Gaming perfomance comes down to the video card primarily.

A 6950 will run those games reasonably well.

Card rankings by speed....
Charts, benchmarks 2011 Gaming Graphics Charts, 3DMark11 - Gamer


----------



## svenapd (Jun 28, 2011)

So the motherboard is good also ?


----------



## Tyree (May 10, 2009)

Asus Mobo's are top quality.


----------



## svenapd (Jun 28, 2011)

Yay so happy (;


----------



## svenapd (Jun 28, 2011)

The thermaltake frio is a very good cooling right ?


----------



## Johnny1982 (Oct 15, 2010)

I would prefer running a HD6950 with a 750w Corsair PSU. 650w would be the bare minimum for that card. That's my opinion.


----------



## Amd_Man (Jan 27, 2009)

Johnny1982 said:


> I would prefer running a HD6950 with a 750w Corsair PSU. 650w would be the bare minimum for that card. That's my opinion.


My thoughts exactly.


----------



## svenapd (Jun 28, 2011)

I really cant effort it, and i know much friends who are running cf mode 6950's with just a 650w psu .


----------



## Tyree (May 10, 2009)

I don't see why 650W wouldn't be sufficient?


----------



## David Mo (Jun 27, 2011)

My philosophy is that with any sort of power device is that you try not to run it at 100% or close to that. What you are doing is shortening it's life. Also, when you are at the edge of it maximum output, if any thing goes wrong, like it starts to get hot, then it shuts down or damages itself. Build in a little headroom and you are less likely to have a future problem or a shortened life. Sometimes though it is understandable if a budget does not provide for this ideal situation.


----------



## Tyree (May 10, 2009)

I have nothing against having more power than is required but a 6950 GPU would not require 100% load from a good quality 650W PSU.
If a PSU is stressed it is commonly the powered components that suffer the most.


----------



## Amd_Man (Jan 27, 2009)

A 650w PSU is bare minimum for a 6950. 500w is recommended so add 30% to that and your at 650w. I allways give headroom in the power supply department.


----------



## David Mo (Jun 27, 2011)

A 650w PSU for that card is more than barely adequate. It's a good match, especially when you are using a high quality PSU.


----------



## Johnny1982 (Oct 15, 2010)

Tyree said:


> I don't see why 650W wouldn't be sufficient?

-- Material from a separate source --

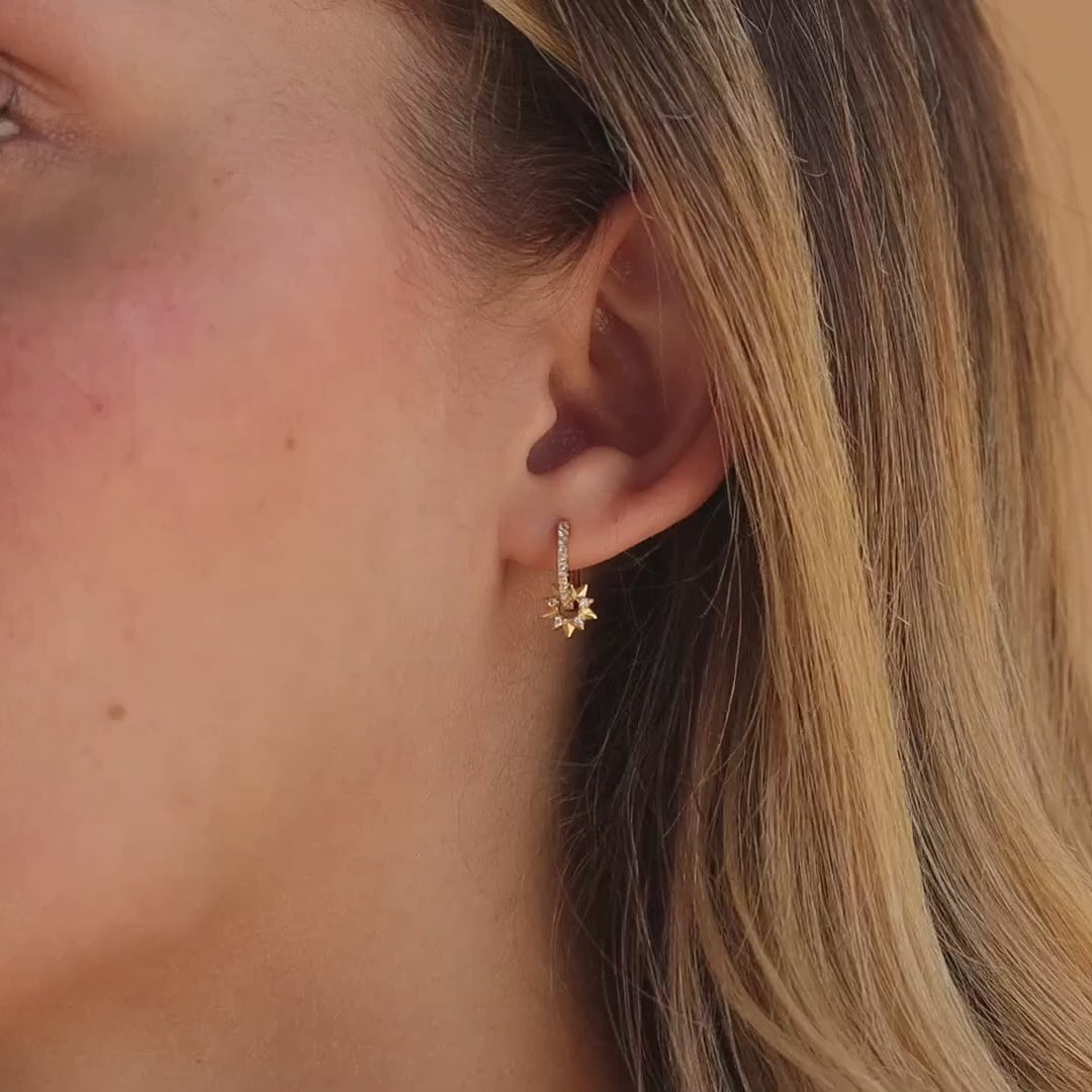 • Featuring Pave Huggie Hoops with a dangling ~6.5mm Sun Charm

That's why I stated clearly that, that was my opinion. 650w would work, but if it was my system I'd prefer a 750w unit for future upgrades.


----------



## Amd_Man (Jan 27, 2009)

David Mo said:


> A 650w PSU for that card is more than barely adequate. It's a good match, especially when you are using a high quality PSU.


I'm not saying it won't work, just it's the minimum that is recommended. Adequate and minimum are worlds apart when taliking about PSU's.


----------



## svenapd (Jun 28, 2011)

David Mo said:


> My philosophy is that with any sort of power device is that you try not to run it at 100% or close to that. What you are doing is shortening it's life. Also, when you are at the edge of it maximum output, if any thing goes wrong, like it starts to get hot, then it shuts down or damages itself. Build in a little headroom and you are less likely to have a future problem or a shortened life. Sometimes though it is understandable if a budget does not provide for this ideal situation.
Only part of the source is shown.